Medicare and Medicaid Extenders Act of 2010
- Long title: Medicare and Medicaid Extenders Act of 2010
- Enacted by: the 111th United States Congress

Citations
- Public law: 111-309

Legislative history
- Introduced in the House as H.R. 4994 by John Lewis on April 13, 2010; Committee consideration by Committee on Ways and Means, Committee on Budget; Passed the House on April 14, 2010 (399 - 9); Passed the Senate on December 8, 2010 (Unanimous Consent) with amendment; House agreed to Senate amendment on December 9, 2010 (409 - 2); Signed into law by President Barack Obama on December 15, 2010;

= Medicare and Medicaid Extenders Act of 2010 =

The Medicare and Medicaid Extenders Act of 2010 is a federal law of the United States, enacted in 2010. The law was first introduced into the House as H.R. 4994 on April 13, 2010, by Rep. John Lewis (D-GA) with 20 cosponsors. It was then referred to the House Committee on Ways and Means and the House Committee on the Budget.

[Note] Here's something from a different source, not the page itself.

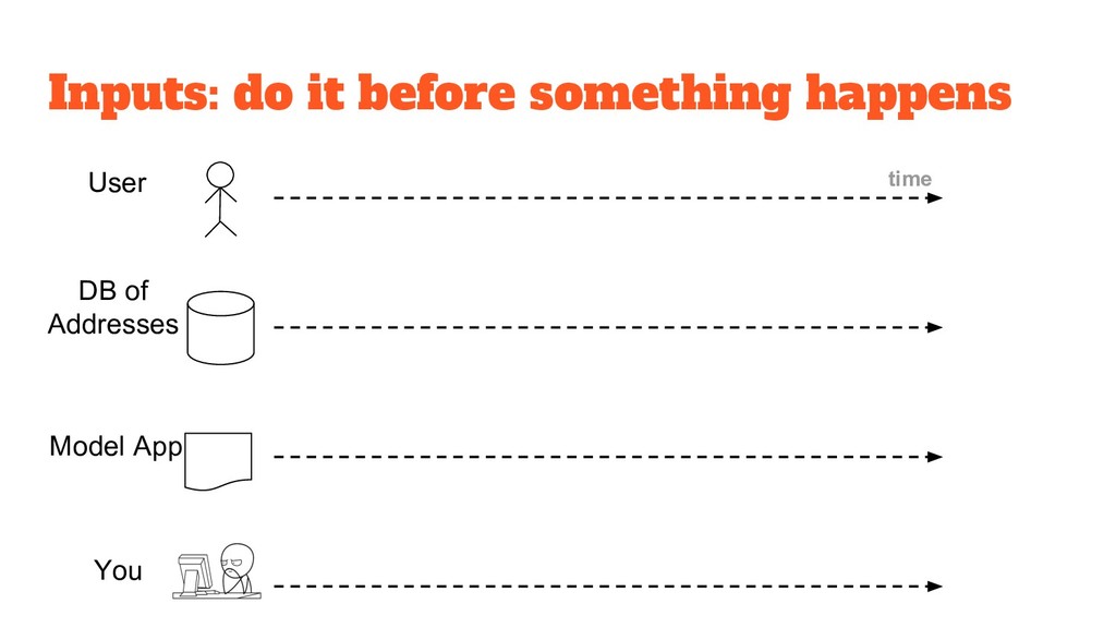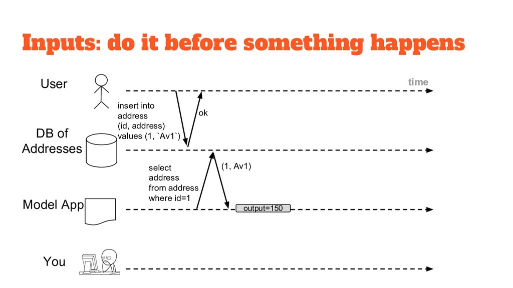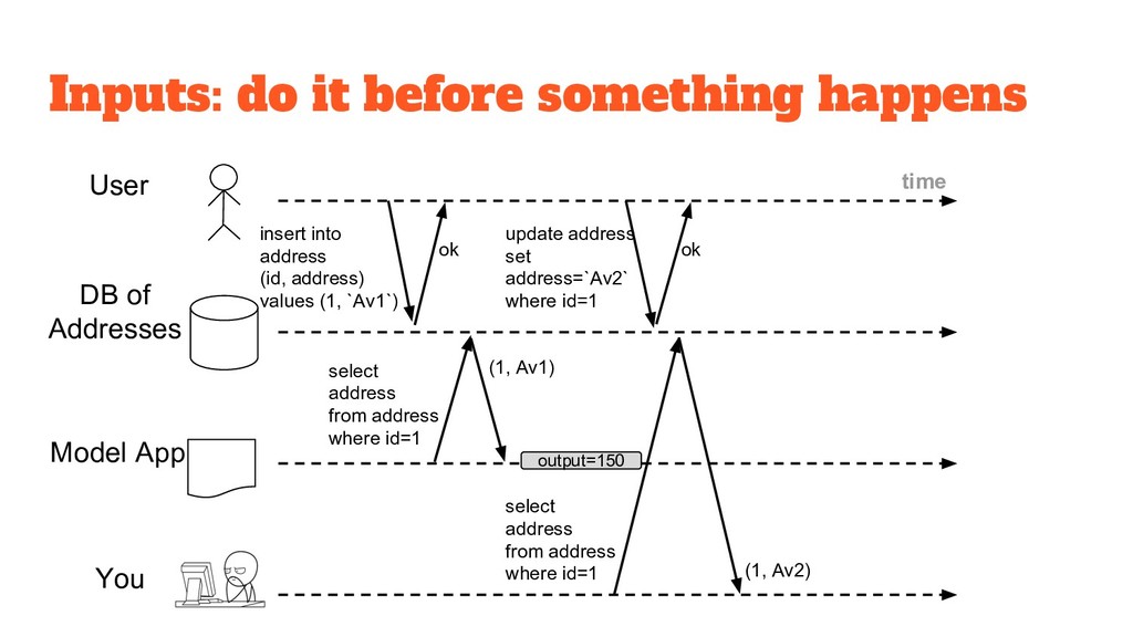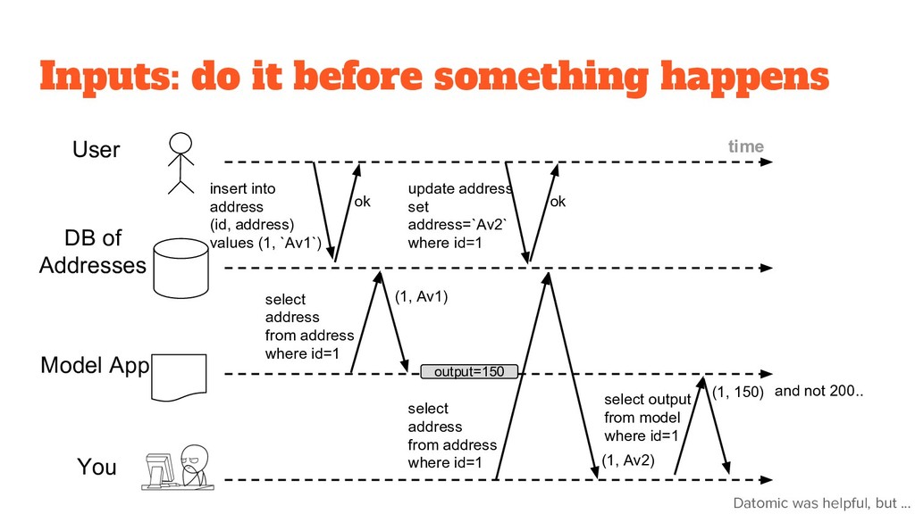 You Model App time ok insert into address (id, address) values (1, `Av1`) update address set address=`Av2` where id=1 (1, Av1) select address from address where id=1 select address from address where id=1 (1, Av2) select output from model where id=1 (1, 150) output=150 and not 200.. ok Datomic was helpful, but ...
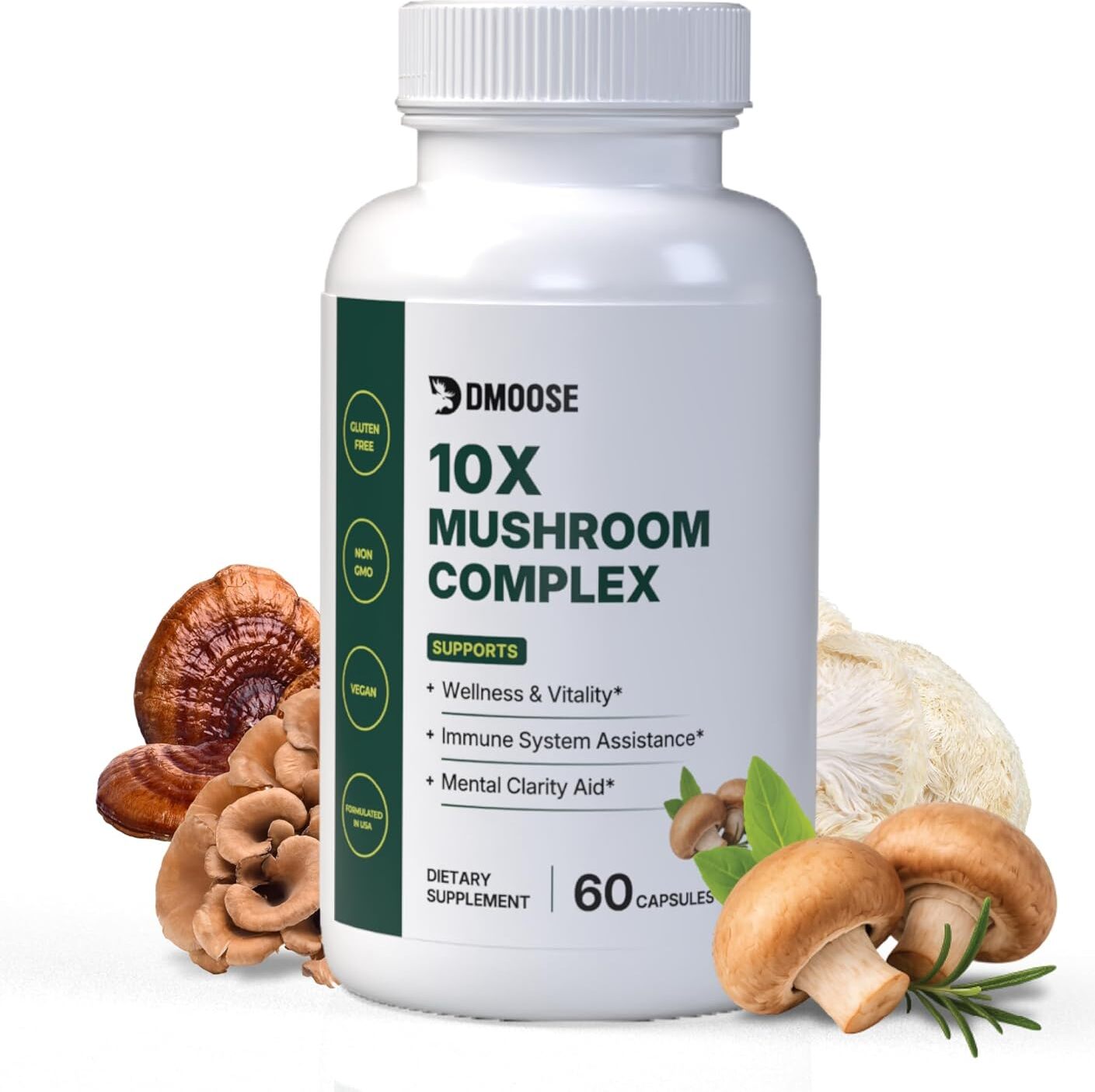 About this item 5 MUSHROOMS IN 1 POWERFUL CAPSULE: Simplify your health routine with DMoose Mushroom Supplements, a potent 5-in-1 formula combining Lions Mane, Chaga, Maitake, Shiitake, & Reishi...

The bill was signed by President Barack Obama on December 15, 2010, after passing in Congress.

==Elements of the law==
The law prevented implementation of the 2010 conversion factor for the Medicare Sustainable Growth Rate (SGR). The SGR determines how much money Medicare will pay physicians and other health care providers for health services. Pursuant to this law, the SGR will not be modified until January 1, 2012.